_Work to complete_
Copy, word for word, the lines of the listing below from the line with "Auf dem Schulareal" up to and including the line with "Пользователям официального мобильного". Drop the pictures.

_Material provided_

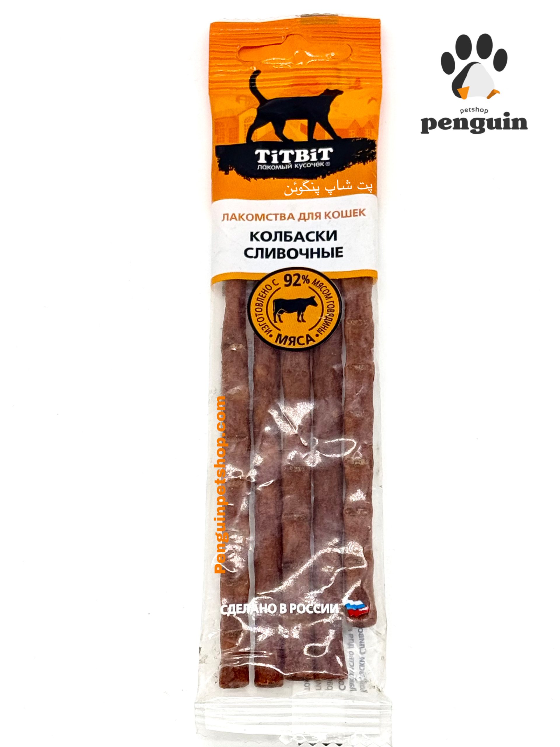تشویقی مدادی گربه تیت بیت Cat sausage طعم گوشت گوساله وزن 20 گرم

* * *

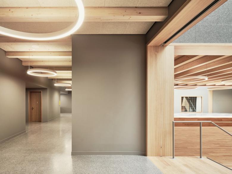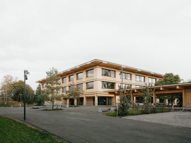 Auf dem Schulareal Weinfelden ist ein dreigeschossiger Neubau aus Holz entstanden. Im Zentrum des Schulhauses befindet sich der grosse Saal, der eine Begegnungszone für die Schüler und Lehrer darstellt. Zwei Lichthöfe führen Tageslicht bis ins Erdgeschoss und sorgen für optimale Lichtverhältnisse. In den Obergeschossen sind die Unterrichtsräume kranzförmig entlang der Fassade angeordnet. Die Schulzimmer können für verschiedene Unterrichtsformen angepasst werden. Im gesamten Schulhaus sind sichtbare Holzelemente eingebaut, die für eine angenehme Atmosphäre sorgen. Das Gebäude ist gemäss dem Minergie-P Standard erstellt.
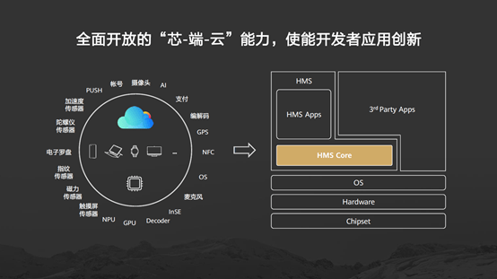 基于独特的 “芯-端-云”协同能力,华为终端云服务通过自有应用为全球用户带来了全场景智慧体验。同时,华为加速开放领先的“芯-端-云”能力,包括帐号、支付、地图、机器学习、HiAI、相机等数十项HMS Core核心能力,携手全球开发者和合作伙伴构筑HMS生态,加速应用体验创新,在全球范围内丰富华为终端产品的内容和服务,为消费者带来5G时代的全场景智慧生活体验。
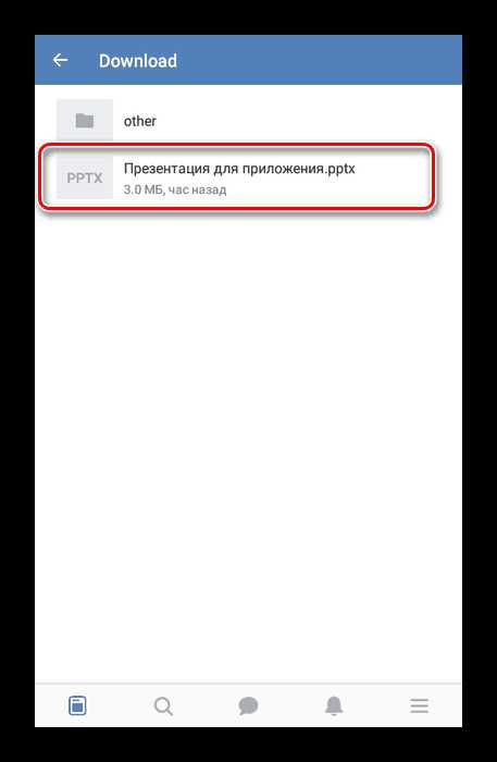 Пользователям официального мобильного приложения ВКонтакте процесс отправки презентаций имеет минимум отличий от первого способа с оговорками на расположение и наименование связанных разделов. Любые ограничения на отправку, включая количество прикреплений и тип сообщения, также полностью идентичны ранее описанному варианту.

_Final answer_
 Auf dem Schulareal Weinfelden ist ein dreigeschossiger Neubau aus Holz entstanden. Im Zentrum des Schulhauses befindet sich der grosse Saal, der eine Begegnungszone für die Schüler und Lehrer darstellt. Zwei Lichthöfe führen Tageslicht bis ins Erdgeschoss und sorgen für optimale Lichtverhältnisse. In den Obergeschossen sind die Unterrichtsräume kranzförmig entlang der Fassade angeordnet. Die Schulzimmer können für verschiedene Unterrichtsformen angepasst werden. Im gesamten Schulhaus sind sichtbare Holzelemente eingebaut, die für eine angenehme Atmosphäre sorgen. Das Gebäude ist gemäss dem Minergie-P Standard erstellt.
 基于独特的 “芯-端-云”协同能力,华为终端云服务通过自有应用为全球用户带来了全场景智慧体验。同时,华为加速开放领先的“芯-端-云”能力,包括帐号、支付、地图、机器学习、HiAI、相机等数十项HMS Core核心能力,携手全球开发者和合作伙伴构筑HMS生态,加速应用体验创新,在全球范围内丰富华为终端产品的内容和服务,为消费者带来5G时代的全场景智慧生活体验。
 Пользователям официального мобильного приложения ВКонтакте процесс отправки презентаций имеет минимум отличий от первого способа с оговорками на расположение и наименование связанных разделов. Любые ограничения на отправку, включая количество прикреплений и тип сообщения, также полностью идентичны ранее описанному варианту.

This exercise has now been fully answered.